Now the law is only one way in which society's "general opinions" are expressed.  To take only one example, the media and the entertainment industry exercise enormous influence in a similar way.  But the law is one way, and a particularly formal or authoritative way.  It is society "going on record" as saying that some forms of human behavior are frowned upon.  The very efforts of groups that oppose certain laws to get them taken “off the books”, even when they are not enforced, is testimony to the importance of law, as in the case of homosexual rights groups who have asked courts to strike down sodomy prohibitions that have not been enforced for a long time.[6]

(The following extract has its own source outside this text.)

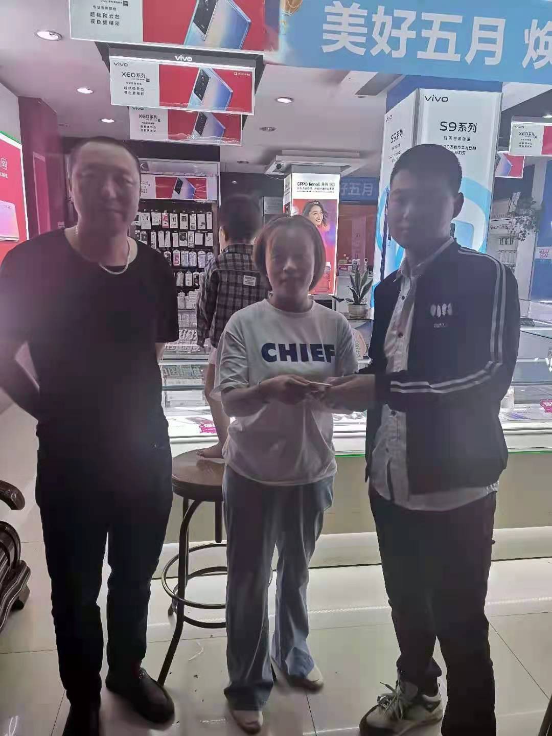 30多分鐘過去了,仍未見失主前來尋找。正當兩人準備將手機交到派出所時,一女子打來電話說自己是失主,是附近vivo手機店的店主,但因店里無人看店,暫時無法走開。得知這一情況,兩人便主動提出可以將手機送過去。

One powerful example from recent American history is civil rights legislation.  Laws such as the Civil Rights Act of 1964 were intended to prohibit certain acts (racial discrimination in public accommodations, for example), and they achieved this to some extent.  But it is arguable that the more important effect of the law was its educative effect.  It was a solemn national statement reaffirming the principle of racial equality.  And this law, in conjunction with other factors, has contributed to the profound change in racial relations in this country in the last generation.  (And who would say that the law was unnecessary or undesirable, simply because there were other factors?)

A society cannot avoid “legislating morality”, in the sense of fostering or encouraging certain ways of living.  Law in modern liberal democracies, insofar as it does not explicitly seek to shape character, may have its effects in more subtle ways and over a more limited range of human qualities, but that does not amount to "neutrality." [7]

Another example of the relation between law and moral ideas can be found in the proliferating programs of sex education in this country. [8]   The character of such programs varies considerably, of course, but some at least try to achieve neutrality by following the "Joe Friday Principle": "just the facts, ma’m".  Neutrality can be achieved, some think, by presenting simply the facts, which are "objective", and either not discussing values, which are "subjective", or simply reporting various "value-positions" in a neutral, even-handed way.

But the alleged neutrality of presentations based on the fact-value distinction has been exploded many times.  Again, from a certain "sociology of knowledge" perspective, one must ask what the effect of such programs on students will be.  Whether consciously or unconsciously, students will wonder why it is that the "facts" are presented, but "values" are not.  The answer – it need not be the "logical" one, only the one that is likely to be the actual one in many cases – is that we can really know facts, but we can't really know values (because they are “just” subjective opinions).  That, of course, is an extremely important position – one that is itself decidedly not neutral.  It encourages general scepticism about an objective and intelligible moral order, and supports, at least indirectly, views of moral relativism.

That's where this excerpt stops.